> Work request:
All lines from the line containing "特製ソースがしっかりとした旨味を持つ牛ステーキを引き立てます◎" up to and including the last line of the entries must be written out exactly, with no others.

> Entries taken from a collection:
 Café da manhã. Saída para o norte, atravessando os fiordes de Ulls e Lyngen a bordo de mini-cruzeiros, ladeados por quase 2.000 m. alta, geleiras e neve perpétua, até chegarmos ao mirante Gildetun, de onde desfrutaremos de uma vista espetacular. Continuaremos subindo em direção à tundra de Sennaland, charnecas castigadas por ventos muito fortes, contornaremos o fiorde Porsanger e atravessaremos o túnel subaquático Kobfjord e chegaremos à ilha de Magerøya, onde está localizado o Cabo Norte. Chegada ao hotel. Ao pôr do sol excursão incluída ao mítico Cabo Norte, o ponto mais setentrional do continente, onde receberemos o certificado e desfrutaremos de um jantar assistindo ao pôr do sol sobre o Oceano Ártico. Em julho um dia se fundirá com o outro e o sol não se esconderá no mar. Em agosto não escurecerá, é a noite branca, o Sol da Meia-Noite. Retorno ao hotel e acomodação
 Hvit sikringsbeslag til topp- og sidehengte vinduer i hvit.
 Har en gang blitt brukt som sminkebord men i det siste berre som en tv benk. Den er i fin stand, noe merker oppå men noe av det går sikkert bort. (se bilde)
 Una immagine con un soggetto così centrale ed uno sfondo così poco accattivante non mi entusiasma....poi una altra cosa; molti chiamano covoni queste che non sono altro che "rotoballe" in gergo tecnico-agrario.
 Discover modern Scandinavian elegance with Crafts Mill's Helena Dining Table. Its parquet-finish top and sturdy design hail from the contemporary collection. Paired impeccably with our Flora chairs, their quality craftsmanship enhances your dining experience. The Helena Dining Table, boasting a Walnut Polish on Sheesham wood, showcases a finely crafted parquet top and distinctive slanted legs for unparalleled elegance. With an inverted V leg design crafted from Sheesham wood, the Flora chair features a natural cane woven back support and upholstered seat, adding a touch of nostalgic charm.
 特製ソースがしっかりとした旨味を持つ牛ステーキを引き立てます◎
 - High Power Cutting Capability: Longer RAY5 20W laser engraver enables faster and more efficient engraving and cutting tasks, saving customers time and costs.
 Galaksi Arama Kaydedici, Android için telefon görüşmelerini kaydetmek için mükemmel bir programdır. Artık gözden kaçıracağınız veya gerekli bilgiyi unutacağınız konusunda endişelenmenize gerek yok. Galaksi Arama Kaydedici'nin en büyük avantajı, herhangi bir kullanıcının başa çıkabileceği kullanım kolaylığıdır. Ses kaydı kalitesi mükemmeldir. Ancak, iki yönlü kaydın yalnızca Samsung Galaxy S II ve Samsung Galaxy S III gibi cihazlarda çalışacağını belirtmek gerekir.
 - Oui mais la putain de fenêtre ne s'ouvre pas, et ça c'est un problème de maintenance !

> Answer section:
 特製ソースがしっかりとした旨味を持つ牛ステーキを引き立てます◎
 - High Power Cutting Capability: Longer RAY5 20W laser engraver enables faster and more efficient engraving and cutting tasks, saving customers time and costs.
 Galaksi Arama Kaydedici, Android için telefon görüşmelerini kaydetmek için mükemmel bir programdır. Artık gözden kaçıracağınız veya gerekli bilgiyi unutacağınız konusunda endişelenmenize gerek yok. Galaksi Arama Kaydedici'nin en büyük avantajı, herhangi bir kullanıcının başa çıkabileceği kullanım kolaylığıdır. Ses kaydı kalitesi mükemmeldir. Ancak, iki yönlü kaydın yalnızca Samsung Galaxy S II ve Samsung Galaxy S III gibi cihazlarda çalışacağını belirtmek gerekir.
 - Oui mais la putain de fenêtre ne s'ouvre pas, et ça c'est un problème de maintenance !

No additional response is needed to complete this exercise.